In 1900 he entered the language department of the University of Budapest and simultaneously studied composition with Hans von Koessler at the Royal Hungarian Academy of Music. After completing his course he spent a year in Paris studying with Charles-Marie Widor.
From 1905 Kodály devoted himself to collecting Hungarian folk music, traveling through villages in various Hungarian provinces. Beginning in 1906 he published numerous folk-song collections together with Béla Bartók, an activity that became central to his creative and scholarly profile.
From 1912 he served as a professor at the music academy in Budapest. His students later included prominent musicians such as Gábor Darvas, Antal Doráti, Zoltán Gárdonyi, Gyula Dávid, and Rezső Sugár.

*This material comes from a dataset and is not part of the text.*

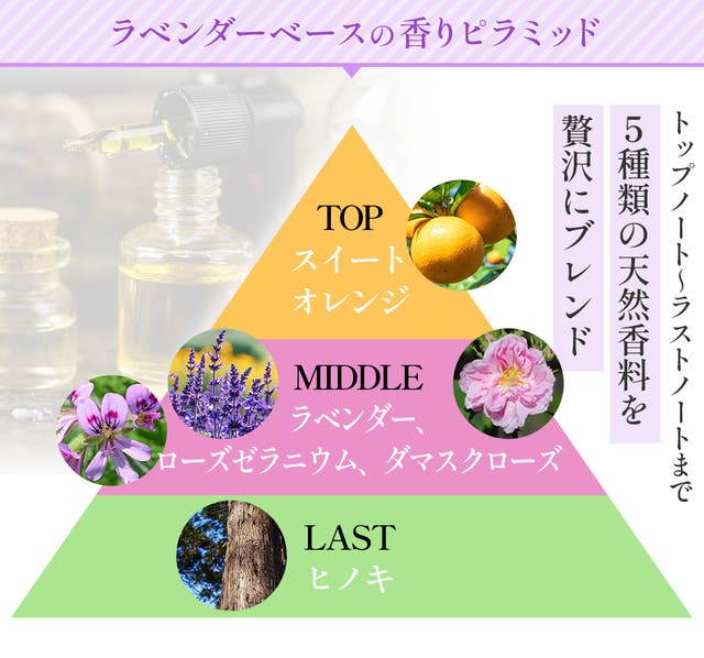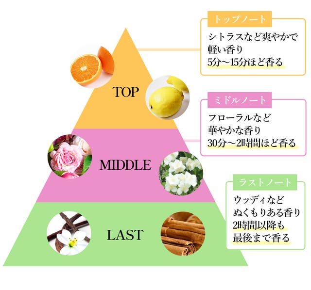 香りには、「トップノート」「ミドルノート」「ラストノート」と呼ばれる3つに分かれた香りのピラミッドがあります。

During this period he worked intensively on music theory and on writings about music education, and together with his student Jenő Ádám he developed the Kodály Method, which proved especially effective in teaching amateur musicians and choral groups.

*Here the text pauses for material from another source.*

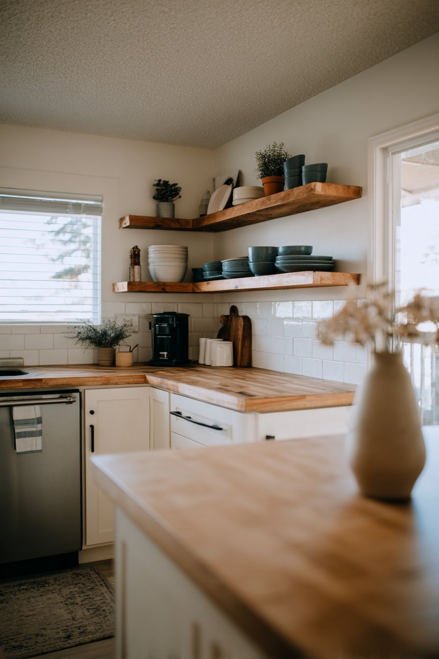 - Install floating shelves above countertops for frequently used dishes and spices

During World War I Kodály, together with Bartók, worked in the music section of the press department of the Austro-Hungarian War Ministry in Budapest. In 1919 the government of the Hungarian Soviet Republic appointed him vice-president of the academy, renamed the Higher School of Musical Art; after the Horthy regime was established he was forced to interrupt his teaching activity until 1921.

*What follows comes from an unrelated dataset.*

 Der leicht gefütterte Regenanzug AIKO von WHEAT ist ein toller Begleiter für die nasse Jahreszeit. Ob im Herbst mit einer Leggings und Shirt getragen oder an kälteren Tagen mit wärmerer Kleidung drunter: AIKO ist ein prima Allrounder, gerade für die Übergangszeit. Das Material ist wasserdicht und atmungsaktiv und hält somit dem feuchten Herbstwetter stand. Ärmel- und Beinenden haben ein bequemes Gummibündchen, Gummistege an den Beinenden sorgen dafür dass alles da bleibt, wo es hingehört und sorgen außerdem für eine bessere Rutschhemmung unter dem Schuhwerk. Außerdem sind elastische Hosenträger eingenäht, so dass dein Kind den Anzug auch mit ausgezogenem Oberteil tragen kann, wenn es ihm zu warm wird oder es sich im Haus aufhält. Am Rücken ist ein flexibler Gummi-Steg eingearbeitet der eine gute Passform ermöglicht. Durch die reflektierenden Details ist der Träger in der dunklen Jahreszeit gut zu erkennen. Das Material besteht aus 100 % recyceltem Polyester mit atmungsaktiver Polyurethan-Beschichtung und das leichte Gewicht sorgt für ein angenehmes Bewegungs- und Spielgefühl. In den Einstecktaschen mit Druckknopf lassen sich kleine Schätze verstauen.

In 1942 he retired with the title of honorary professor, and at the very end of World War II he became president of the Hungarian Arts Council. He was honorary president of ISME and received awards from the Hungarian People’s Republic for his achievements in musical art. In 1966 a string quartet was formed and named in his honor.
Among Kodály’s notable works are the choral-orchestral Psalmus Hungaricus (1923) and Budavári Te Deum (1936). His orchestral music includes the suite from the opera Háry János (1927), Dances of Galánta (1933), Variations on the Hungarian Folk Song “Peacock” (1937), and Concerto for Orchestra (1940). His chamber and instrumental output includes early pieces such as Lyric Romances for violin and cello (1898) and Adagio for cello, violin, and double bass (1910), as well as a Cello Sonata and Piano Sonata (Op. 4), Solo Cello Sonata (Op. 8), Sonatina for cello and piano, Duo for cello and violin (Op. 7), String Quartets Nos. 1 (Op. 2) and 2 (Op. 10), and piano cycles including 9 Pieces (Op. 3) and 7 Pieces (Op. 11).
Kodály’s name also appears in broader cultural contexts: a reference is made to a gesture-language “sequence of Zoltán Kodály” developed for teaching deaf and mute children music, mentioned in the science-fiction film Close Encounters of the Third Kind.